Return the data below exactly as given, except for the images.
[Data records]
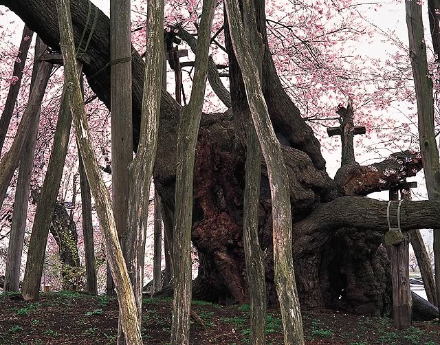 ■カメラ:リンホフマスターテヒニカ4×5 レンズ:フジノンT400mm 絞り:f32 シャッタースピード:1/2秒 フィルム:フジクロームプロビア100F 撮影地:山形県長井市伊佐沢の久保桜 |
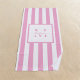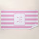 Erstellen Sie Ihr eigenes personalisiertes Badetuch mit Ihrem individuellen Monogramm-Initial und dem Namen auf einem rtro-gestreiften Hintergrund in ästhetischer Rosa und Weiß.
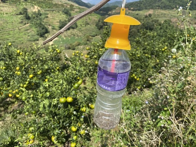 用饵剂,引诱雌雄果实蝇进瓶,避免果实蝇吃果子叮果子。
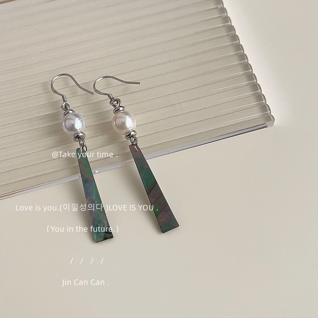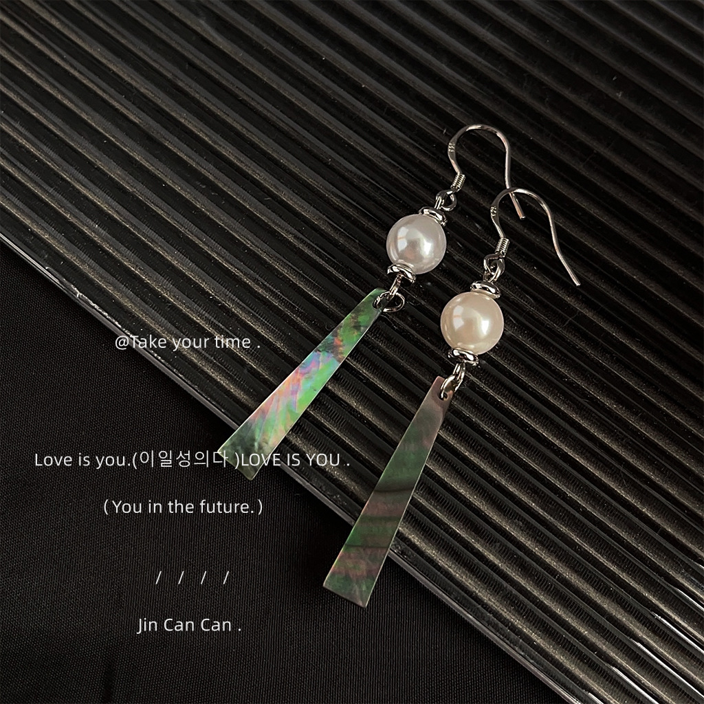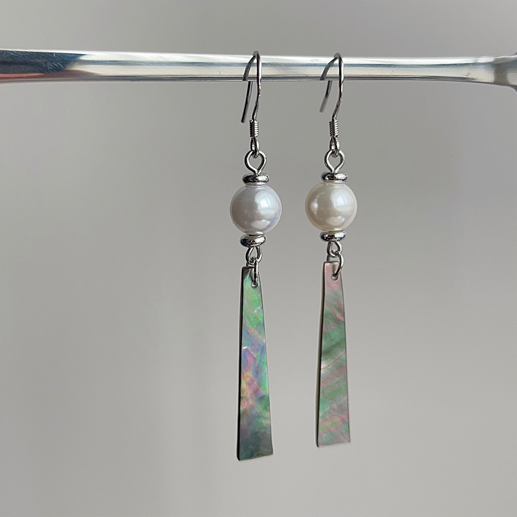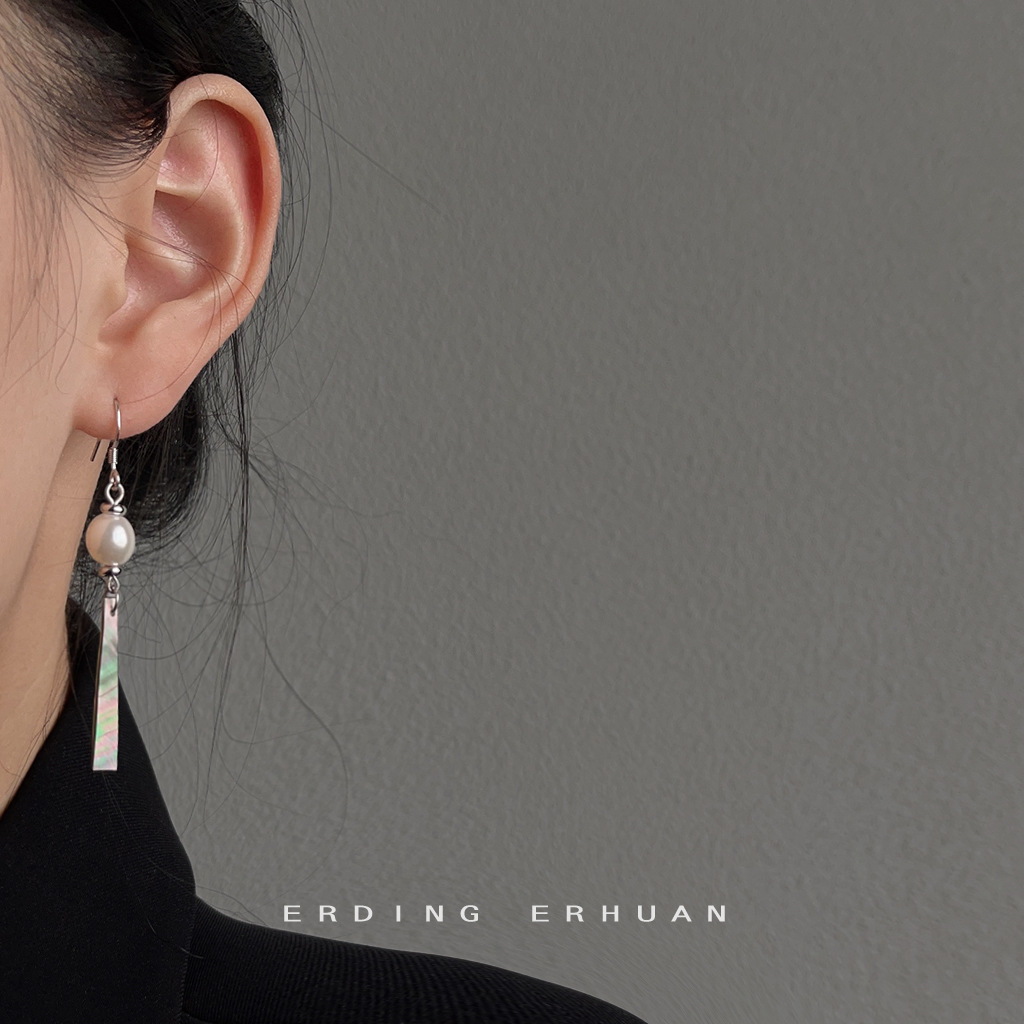 HELN124100375 新中式鮑魚貝手作設計感925銀針耳飾新款貝殼耳環2024年文藝飾品
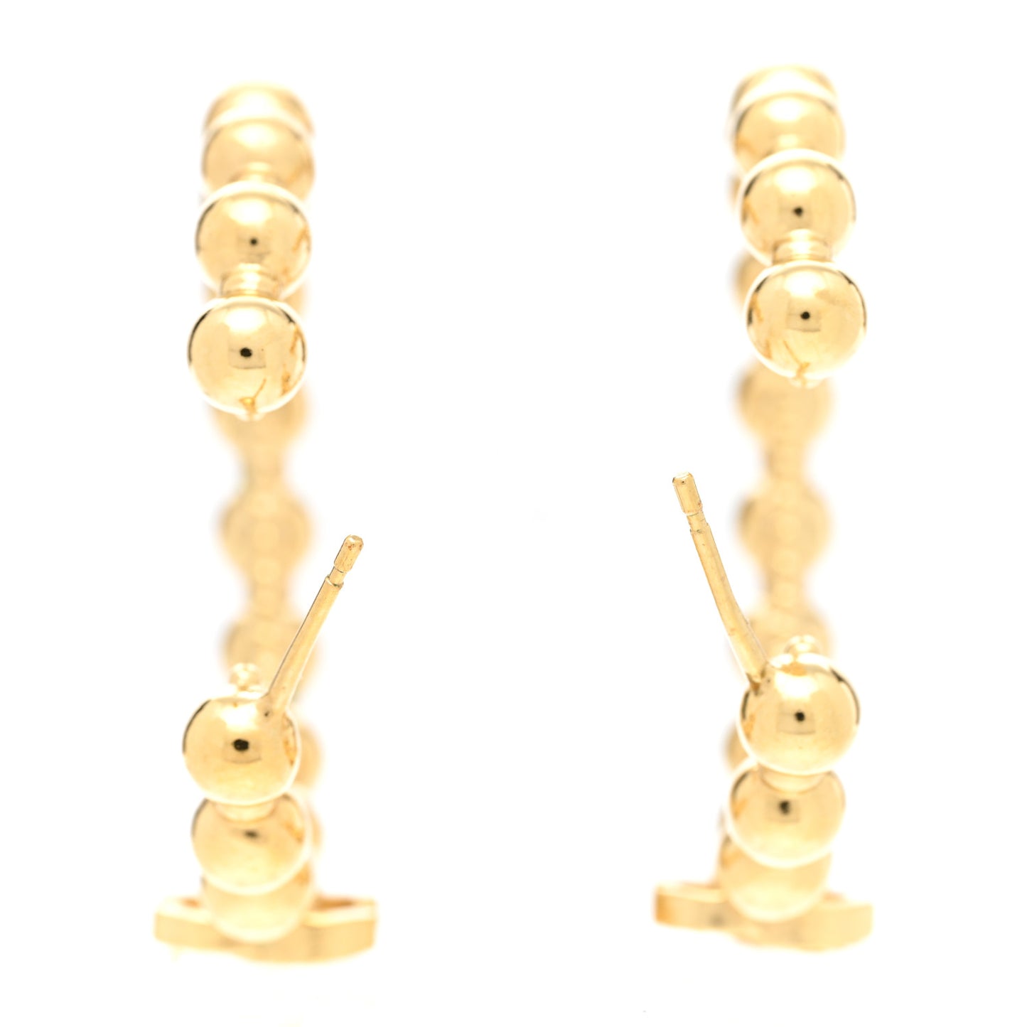 This is an authentic pair of CHANEL Crystal Bead CC Hoop Earrings in Gold. These gold hoop earrings feature gold tone beaded design with a small CC encrusted in crystals.
[/Data records]
Output of the task:
 ■カメラ:リンホフマスターテヒニカ4×5 レンズ:フジノンT400mm 絞り:f32 シャッタースピード:1/2秒 フィルム:フジクロームプロビア100F 撮影地:山形県長井市伊佐沢の久保桜 |
 Erstellen Sie Ihr eigenes personalisiertes Badetuch mit Ihrem individuellen Monogramm-Initial und dem Namen auf einem rtro-gestreiften Hintergrund in ästhetischer Rosa und Weiß.
 用饵剂,引诱雌雄果实蝇进瓶,避免果实蝇吃果子叮果子。
 HELN124100375 新中式鮑魚貝手作設計感925銀針耳飾新款貝殼耳環2024年文藝飾品
 This is an authentic pair of CHANEL Crystal Bead CC Hoop Earrings in Gold. These gold hoop earrings feature gold tone beaded design with a small CC encrusted in crystals.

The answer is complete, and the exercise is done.